For heaven's sake, people, y'all talk as if money grows on trees! It doesn't! Our resources are not unlimited. Even if private insurance paid for the operation, everybody's premiums will go up to accommodate all these foolish operations. Tell me, all of you, how much money should be spent on this child? Is there a limit? If so, why should there be a limit? You all talk as if limits are all sinful.
e' una vergogna...
There may be more facts about the case that we do not know. If the denial is because the two year old girl is mentally retarded, the doctors better reread their oath again. The better make sure they are making their decision for the right reasons. This little girl deserves the chance to live a healthier life the same as everyone else.
Thanks for the article.
Perhaps we do not know all the facts. Roxanne N's comment makes sense to me.

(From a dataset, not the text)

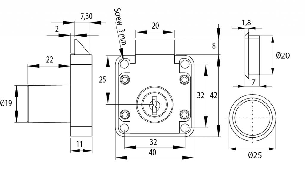 Zámek vhodný hlavně pro hotelové minibary, příruční pokladny apod.Využítí
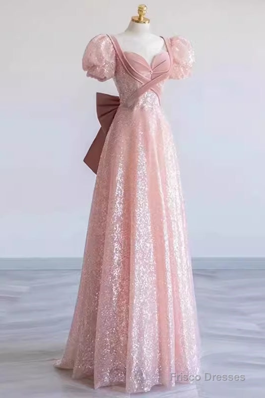 Princess A Line Pink Short Sleeves Sequin Long Prom Dresses

By denying the transplant, and the girl dies, then they have committed manslaughter.
One more point--I highly doubt that anyone told the mother that the girl would be ineligible for a transplant from a living/family donor. Really, I can't imagine the doctors telling her that. They just may have tried to point out the rigors of surgery for a child in her condition, and the aftermath of caring for her--and this family may just not be able to handle it. I would guess that is the underlying story. But I think they would go ahead with a family donor, if the parents insisted. Or try another facility.
At any rate, this article is a jumbled mess, and we know extremely little about the real circumstances, and again, the author leaves out all of the vital info about transplants.
Many Care2 articles have a bad habit of giving half a story, with a very slanted bias. Like this one. Obviously the author did not bother to do a little research about transplants, and is just parroting what has already been sensationalized in the mass media. Not everyone who needs a transplant gets one! The reason is primarily a severe shortage of organ! There are about 80,000 people on the waiting list for a kidney. Yes, and less than half of them will end up with a transplant.
Second, many people are deemed ineligible for transplants if they have other medical problems, such as seems to be the case with this girl. Organs are valuable, and they are transplanted into people who have the best chance of success, and in keeping to the regimen that follows--it doesn't end with the transplant. The surgery is intense and then you are on immunosuppressant drugs for the rest of your life.
This article is ridiculous, as none of this is mentioned. And I highly doubt that is what the doctors at CHOP said. The parents have heard only what they want to hear, and their daughter is not "entitled" to a kidney. She has to go through the same approval criteria as everyone else, and if approved, be put on the waiting list. And it sounds perfectly legitimate that this girl would be turned down, as this syndrome comes with a lot of medical and developmental problems, in addition to mental retardation.